Teal-Insights / r-wbids

R package to access and analyze World Bank International Debt Statistics (IDS)

https://teal-insights.github.io/r-wbids/

Other

3 stars 0 forks source link

Add ids_bulk* functions #29

Closed christophscheuch closed 1 week ago

christophscheuch commented 1 week ago

I started out with a draft for the functions first to initialize the review because I'm not 100% where this should go.

ids_bulk_series() fetches the 495 series out of the 572 from ids_list_series() which are apparently available through bulk download - is this as expected?
ids_bulk_files() fetches the 6 available xlsx files.
ids_bulk() downloads the xlsx files and reads them in. Afaik there is no direct way to read xlsx from web, so we need to readxl package. I added it as an optional package because not everybody will use the bulk option. Users get prompted to install readxl before the download begins.

Unfortunately, I cannot read in the xlsx files because my Mac has only 16GB RAM (Error: vector memory limit of 16.0 Gb reached, see mem.maxVSize()). Am I missing something about reading in the xlsx files? @Reu-hub @t-emery

Reu-hub commented 1 week ago

The downloaded Excel files have extra columns prefixed as column 1, column 2, ... which are not necessary. In order to read each file please use:

choosing columns

col_names <- readxl::read_excel(path = "file_name.xlsx", n_max = 0) column_range <- data.frame(names = names(col_names)) %>% mutate(type = ifelse(test = (grepl(pattern = "[0:9]",x = names)), yes = "numeric", no = "text")) %>% dplyr::filter(!grepl(pattern = "column",x = names,ignore.case = TRUE))

reading files

ids_data = readxl::read_excel( path = "file_name.xlsx", range = readxl::cell_cols(1:nrow(column_range)), col_types = column_range$type )

christophscheuch commented 1 week ago

The downloaded Excel files have extra columns prefixed as column 1, column 2, ... which are not necessary. In order to read each file please use:

choosing columns

col_names <- readxl::read_excel(path = "file_name.xlsx", n_max = 0) column_range <- data.frame(names = names(col_names)) %>% mutate(type = ifelse(test = (grepl(pattern = "[0:9]",x = names)), yes = "numeric", no = "text")) %>% dplyr::filter(!grepl(pattern = "column",x = names,ignore.case = TRUE))

reading files

ids_data = readxl::read_excel( path = "file_name.xlsx", range = readxl::cell_cols(1:nrow(column_range)), col_types = column_range$type )

Amazing, thank you this worked! I'll finalize the PR later today.

chriscarrollsmith commented 1 week ago

I checked the licenses of readxl and its dependencies, and fortunately none of them use GPL3.

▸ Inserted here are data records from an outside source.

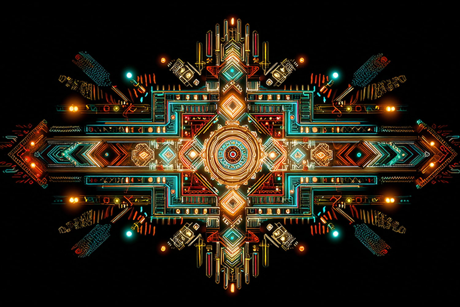 Geometric pattern with a mix of colorful shapes and designs set against a sleek black background. The intricate art piece showcases a blend of modern style and traditional motifs, creating a visually striking effect. The symmetry and ornate details of the pattern add to its aesthetic appeal, making it a unique and captivating visual representation.
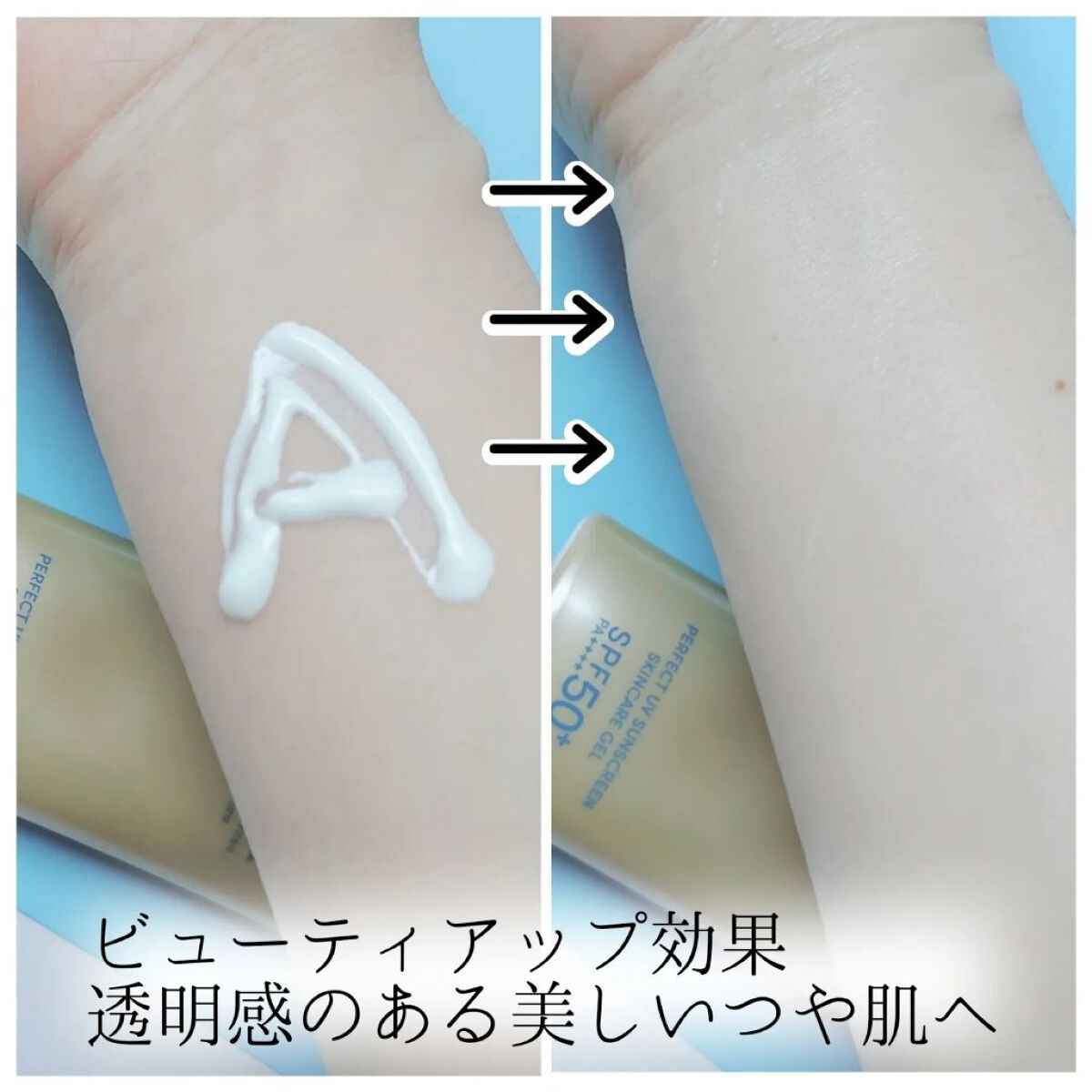 - SPF50+ ・ PA++++ 顔・ から だ用 汗、水、そして空気中の水分※10 に反応してUVブロック膜が強くなる技術搭載 毎日つけたくなる みずみずしいスキンケア UVジェル ※10 暑い時期の高湿度環境 〇汗、水、そして空気中の水分に自動的に反応して 、 UVブロック膜が 強くなります 。-オートブースタ ー 技術 〇透明美肌仕上げ-ビューティ ー アップ 〇スキンケア成分50%配合 〇保湿成分:コラーゲン、スーパーヒアルロン酸※9、グリセリン ※9 アセチルヒアルロン酸Na 〇長時間保湿持続効果 〇スーパーウォータープルーフ 〇マスク蒸れ対応 〇耐こすれ 〇化粧下地効果 〇せっけんで落とせる 〇みずみずしいジェル 〇生まれ変わった、心地よいフルーティーフローラルの香り 〇大気中に浮遊する微粒子、PM2.5などから肌を保護します。 -微粒子付着防止対応 〇海に流れ出にくいオーシャンフレンドリー処方※6 ※6 自社品内の耐水処方でない商品と比較 〇植物由来の原料を一部使用した袋 〇無着色・ノンコメドジェニックテスト・アレルギーテスト済み (全ての方にニキビができない、アレルギーが起きないというわけではありません)
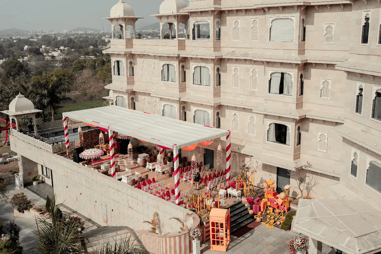 As experienced wedding planners, Seven Pearl India curates unforgettable weddings at Traavista Aravali Mahal with seamless planning, décor styling, and guest management—turning this majestic venue into your dream wedding destination in Udaipur.
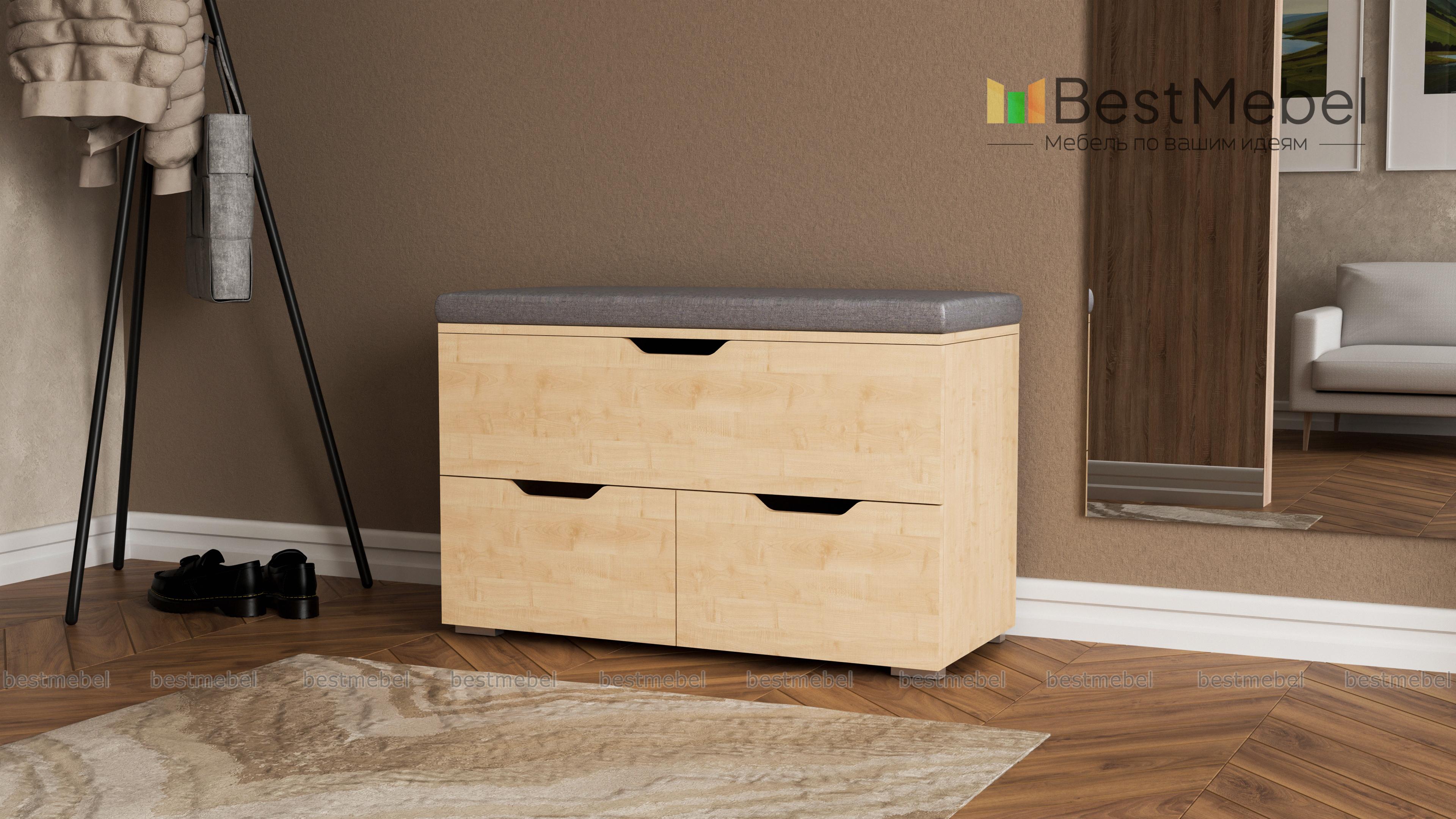 Обувница Мастер BMS поможет сэкономить полезную площадь небольшой прихожей, объединив функции системы хранения и банкетки. Практичная модель оборудована комфортным сиденьем с мягкой тканевой обивкой, одним широким и двумя малыми выдвижными ящиками с ручками-вырезами для обуви и уходовых средств. Обувница выполнена в натуральных оттенках под древесный массив и легко впишется в большинство современных интерьеров. Купить обувницу Мастер BMS приглашаем в наш интернет-магазин по приятной цене.
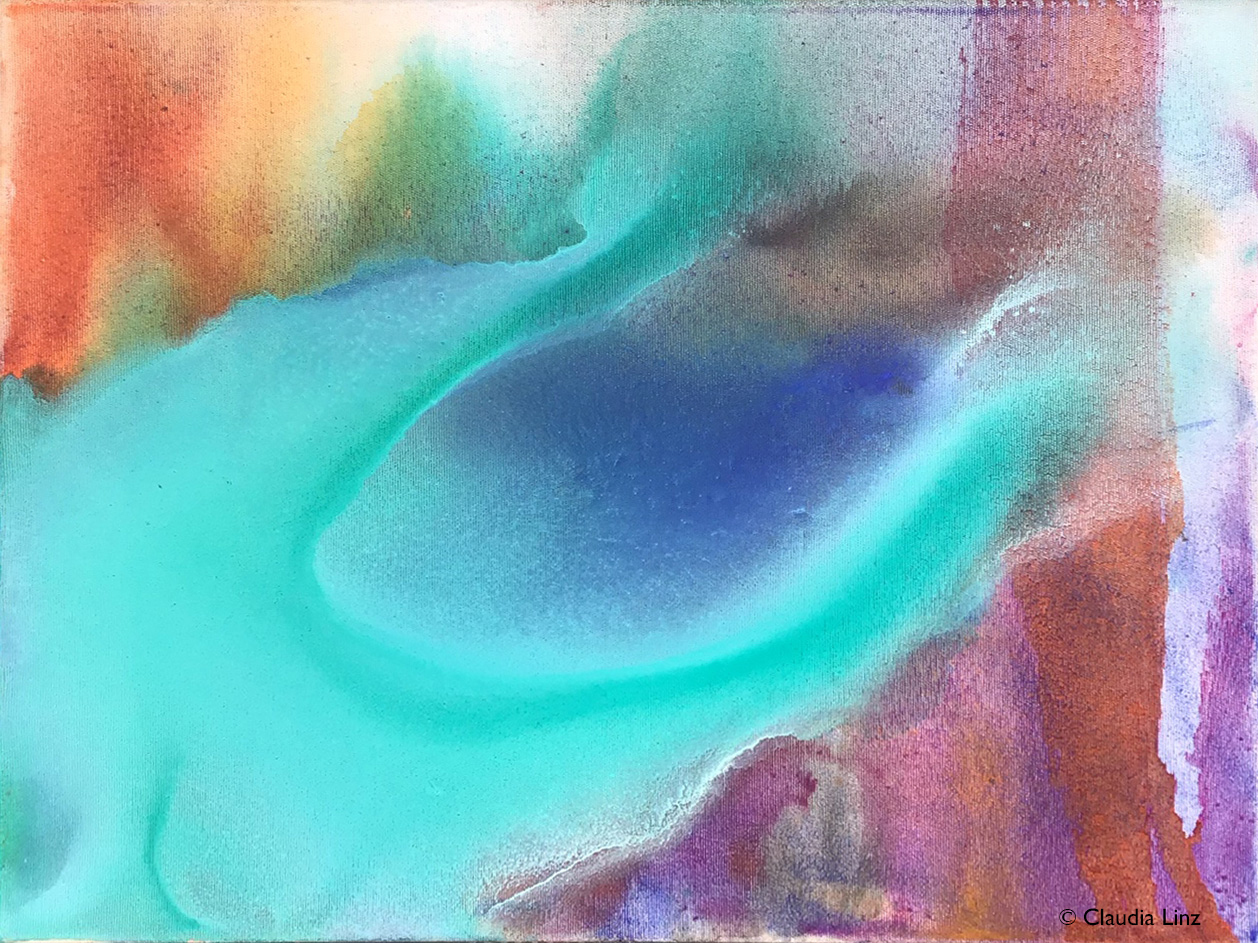 Hier siehst Du Verschmelzungen der fließenden Pigmente auf Leinwand

chriscarrollsmith commented 1 week ago

I see a few issues here, including a few missing imports and timeouts for large downloads. I will just go ahead and push a fix.

chriscarrollsmith commented 1 week ago

Sorry this is taking so long. I built tests and am trying to get them to pass.

chriscarrollsmith commented 1 week ago

@christophscheuch, I added interactive warnings for file sizes >100 MB. Also added a customizable timeout and function arguments to customize these behaviors. Refactored ids_bulk and added a unit test suite. Take a look and see what you think about these design decisions from a UX perspective.

Almost all my test cases are passing, but when I try to read_excel my chosen test file in the final, end-to-end test, I get the following error:

"Error in utils::unzip(zip_path, list = TRUE): error -103 with zipfile in unzGetCurrentFileInfo"

This happens with your last version as well as my updated version, so it may be something unexpected about the file rather than something wrong with the code. I have been testing with "https://datacatalogfiles.worldbank.org/ddh-published/0038015/DR0092201/A_D.xlsx?versionId=2024-10-08T01:35:39.3946879Z". What file were you using in your local testing to verify that the code works?

chriscarrollsmith commented 1 week ago

Ah, I think I solved it! You have to use "wb" mode in download.file with an Excel file, or it will fail for Windows users.

chriscarrollsmith commented 1 week ago

Still one test not passing, but pushed because I'm calling it a night!

christophscheuch commented 1 week ago

Still one test not passing, but pushed because I'm calling it a night!

Great work! I feel inspired to add more tests like these in my own packages in the future :)

I only had to add test_path to debug the last test and I added validation for column names and types.

chriscarrollsmith commented 1 week ago

I only had to add test_path to debug the last test and I added validation for column names and types.

Yes! Thanks for catching that! These are the sorts of things you overlook when you're exhausted because you keep telling yourself you'll go to bed as soon as the tests pass, and they keep not passing. :')

Great work! I feel inspired to add more tests like these in my own packages in the future :)

I know a lot of people who consider test-writing a waste of time, but for me the feedback loop between tests and code is essential to my process. Not only does it save me having to manually check all the edge cases I want the code to handle, but it also documents what those edge cases are and how the code is supposed to handle them, which makes it a lot easier to write docs later!